Secrets Left to Post: 01 pages, 15 secrets from Secret Submission Post #816 .
Secrets Not Posted: [ 0 - broken links ], [ 0 - not!secrets ], [ 0 - not!fandom ], [ 0 - too big ], [ 0 - repeat ].
Current Secret Submissions Post: here.
Suggestions, comments, and concerns should go here.

(Anonymous) 2022-08-18 10:04 pm (UTC)(link)
I haven't read it yet because I am super wary. 50% of booktok thinks it's the greatest thing ever and the other 50% says it's terrible and so is the author.

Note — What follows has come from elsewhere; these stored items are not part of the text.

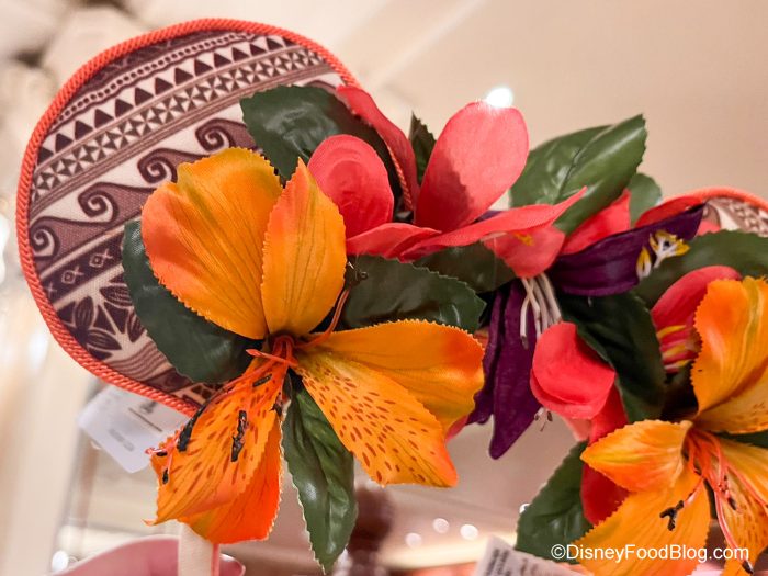 Here’s a closer look at the ears — they have a Moana-inspired pattern on them, and each ear is outlined with orange trim. There are orange, purple, and red flowers, along with some pretty greenery that really makes those flowers pop.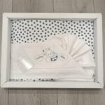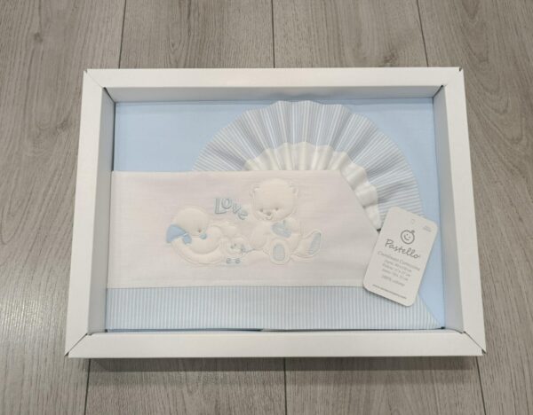 – Orsetto e AnatroccoloDolcissimo set lenzuolino per culla in puro cotone, decorato con un tenero ricamo raffigurante un orsetto e un anatroccolo con la scritta “Love”.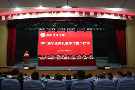 6月21日上午,伟德官网2016届毕业典礼暨学位授予大会在陶然楼演艺厅隆重举行。学校领导、学校学位评定委员会委员、各二级学院副处以上干部、教学秘书、毕业班辅导员、校级优秀毕业生、优秀学生干部、授学位学生代表、大学生创新创业“校长奖”获奖者代表、“中国梦•爱国情•成才志”中华经典诵读获奖者代表共计400余人参加了本次毕业典礼暨学位授予大会,大会由党委副书记赵伏友研究员主持。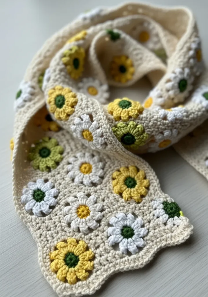 Daisy Bloom Crochet Scarf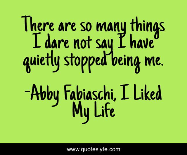 This page presents the quote "There are so many things I dare not say I have quietly stopped being me.". Author of this quote is Abby Fabiaschi, I Liked My Life. This quote is about motherhood, depression, bookclub,.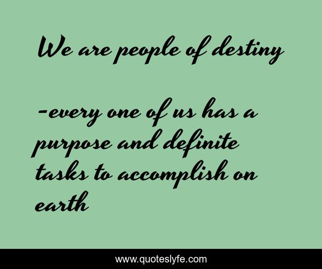 "every one of us has a purpose and definite tasks to accomplish on earth Quotes." Quoteslyfe.com, 2025. Sat. 06 Dec. 2025. <https://www.quoteslyfe.com/quote/We-are-people-of-destiny-46940>.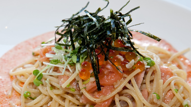 The fusion between Japanese and Italian cuisine is referred to as Wafu-Italian, a method of cooking that combines the rich flavors and techniques of both countries. Tuna cream pasta is a staple meal in Japanese homes and is a prominent by-product of this tantalizing fusion cuisine. The sauce has a delectable cream base and is flavored with sauteed onions, garlic, and toasted black pepper. Right before the cream is thickened into velvety goodness, canned tuna is added and stirred into the sauce. The canned tuna practically melts away into the luscious sauce. Once the cooked pasta is combined, you're left with a perfectly glossy, totally delicious Wafu-Italian delight. The hearty meal is economical, comforting, and extremely tasty. Whenever you want a low-effort meal packed with umami flavor, try making this multicultural, harmonious dish.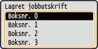 Velg boksnummeret til dokumentet som skal skrives ut, og trykk på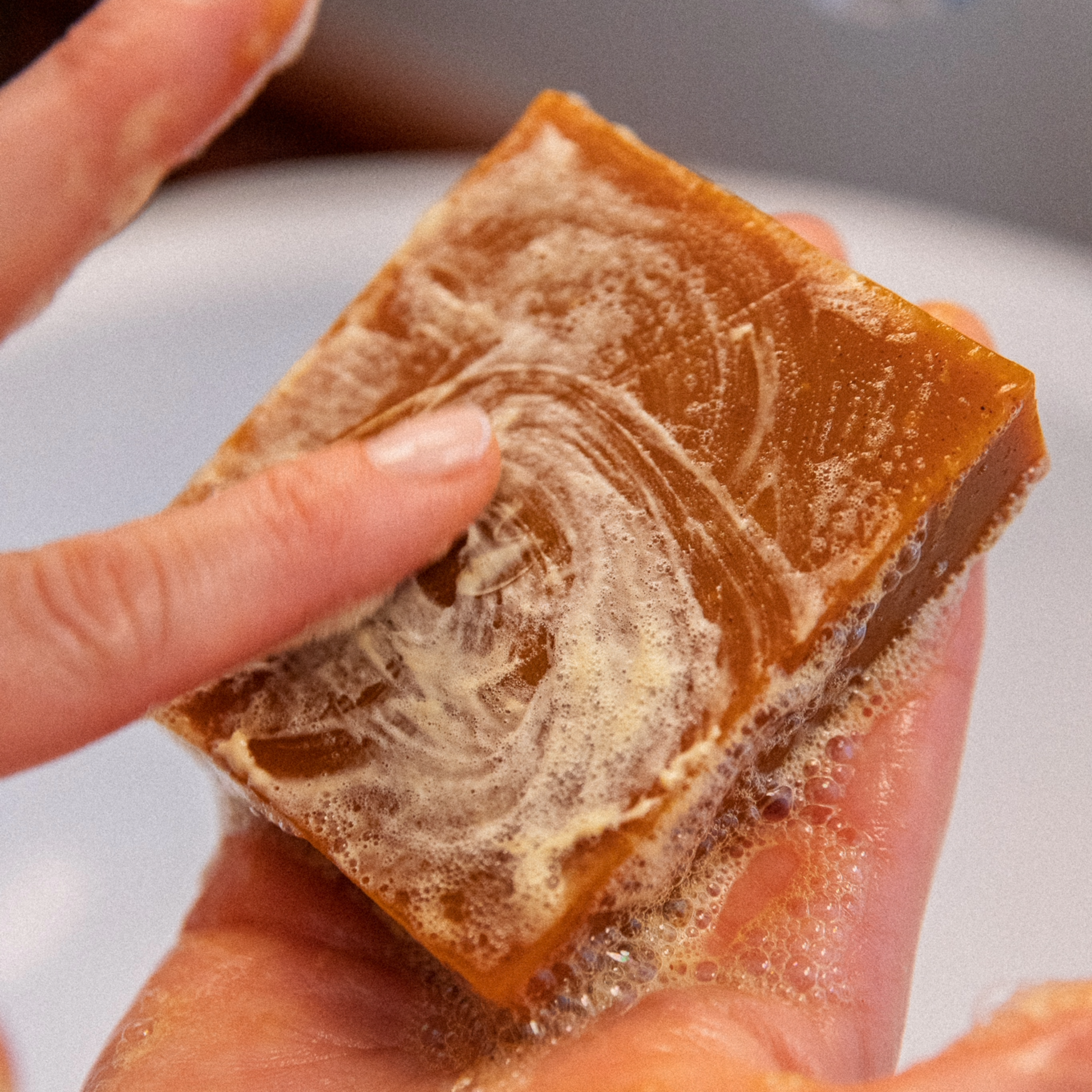 Gracias al aceite de caléndula ecológico macerado en nuestro propio taller, este jabón ofrece una limpieza delicada con beneficios reparadores. Su espuma cremosa, su aroma fresco y su textura envolvente lo convierten en una elección ideal para el uso diario en cuerpo y rostro.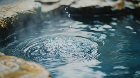 A close up view of hot spring water showcasing bubbles and ripples in stunning detail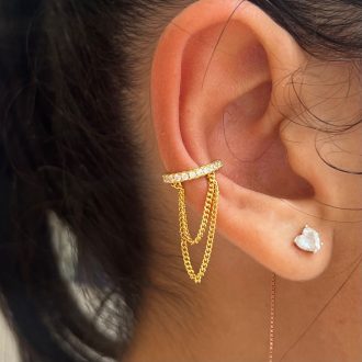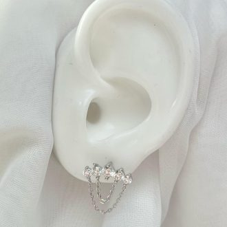 עגיל צמוד ונופל עם פלטת פס משובץ שלושה אבני זרקון עגולות מכסף אמיתי 925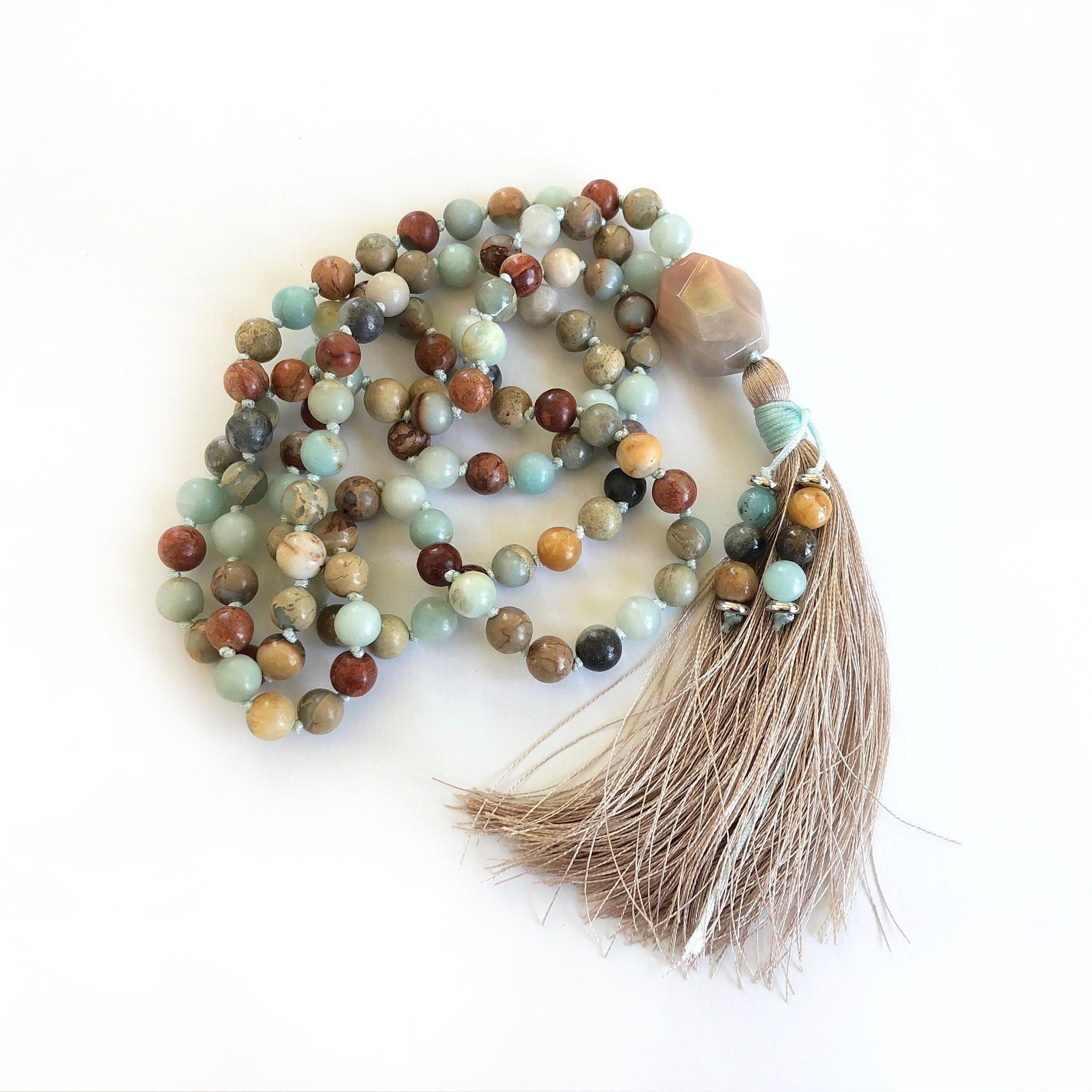 The Mala shown in the photos has already been chosen, but yours will be handcrafted with the same design, intention, and natural gemstone energies. Because each stone carries its own unique colors and markings, every Mala becomes a one-of-a-kind True Nature Jewelry creation—beautiful in its own natural expression.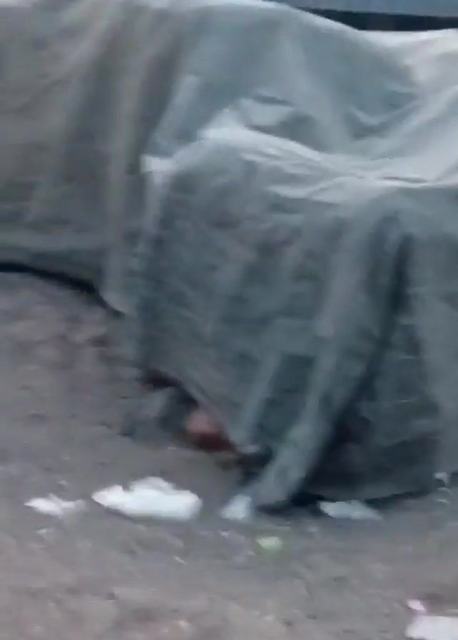 The camera is shaking and focuses on a large truck with a blue and orange cab. The truck is stationary, and its rear wheels are visible. Part of the truck is covered by a tarp, and there is some litter on the ground, including a pink item. The ground appears to be a dusty or dirt-covered surface. The video seems to have been taken at ground level.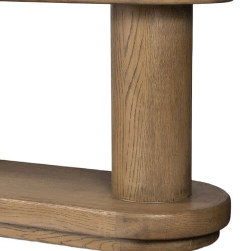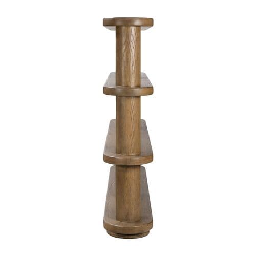 A playful space for books, keepsakes and more. Designed with a contrasting mix of cylindrical pillars and dramatically curved shelves on a plinth base, this wide bookcase is crafted to perfection. Style against the wall or use as a room divider.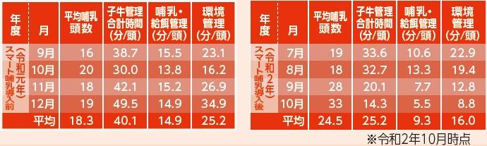 - スマート哺育技術により、哺乳・給餌作業や環境整備に要する1頭当たりの作業時間が、技術導入後は25. 2分と、導入前の40.1分から37.4%の削減となった。

(Anonymous) 2022-08-18 10:05 pm (UTC)(link)
Didn't read it. It's one of those books where like. People exclusively talk about it as a collection of tropes and vibes that they already like - it's a Cozy Found Family Book! - rather than actual characters or writing details that they enjoyed.

(Anonymous) 2022-08-18 10:17 pm (UTC)(link)
Multiple secrets have been posted to FS about this book and I was curious, but... yeah, that was my reservation, too. I do love found family as a trope, but if it's not backed up with good writing and plot, I'm probably not going to enjoy it.

(Anonymous) 2022-08-19 07:39 am (UTC)(link)
That's a really good point. There's no real characterization, it's just a bunch of tropes and stereotypes, and even if it sounds good on paper, the actual execution falls flat.

(Anonymous) 2022-08-18 10:34 pm (UTC)(link)

Maybe the way it uses child separation and institutionalization as a backdrop?
https://whatever.scalzi.com/2020/03/17/the-big-idea-tj-klune/

(Anonymous) 2022-08-19 07:55 am (UTC)(link)
Ugh. That's exactly the kind of "enlightened" privileged white cis male bullshit I can't stand. If I'd read that article ahead of time I most likely wouldn't have read the book.
sabotabby: (furiosa)

[personal profile] sabotabby 2022-08-18 10:55 pm (UTC)(link)
I didn't read it because apparently the author was inspired by an actual genocide and his answer to a very real situation that still impacts Indigenous peoples and nations to this day was "be kind." One of those cases where an author interview makes me nope out of the book before even starting.

(Anonymous) 2022-08-19 01:57 am (UTC)(link)
Ugh. Like I get how that might seem like a good and smart idea, but... ugh. It just rubs me the wrong way.
sabotabby: (books!)

[personal profile] sabotabby 2022-08-19 11:46 am (UTC)(link)
There have been some excellent fantasy books written inspired by the residential school system—The Marrow Thieves and Hunting By Stars by Cherie Dimaline come immediately to mind. They even have queer found family tropes for people who are into that. There's also The School That Ate Children by Sara General for younger readers.

The difference being that these are by authors with intimate personal and cultural knowledge of the residential school system, not someone using it as a backdrop for their twee "everyone just needs to get along" story."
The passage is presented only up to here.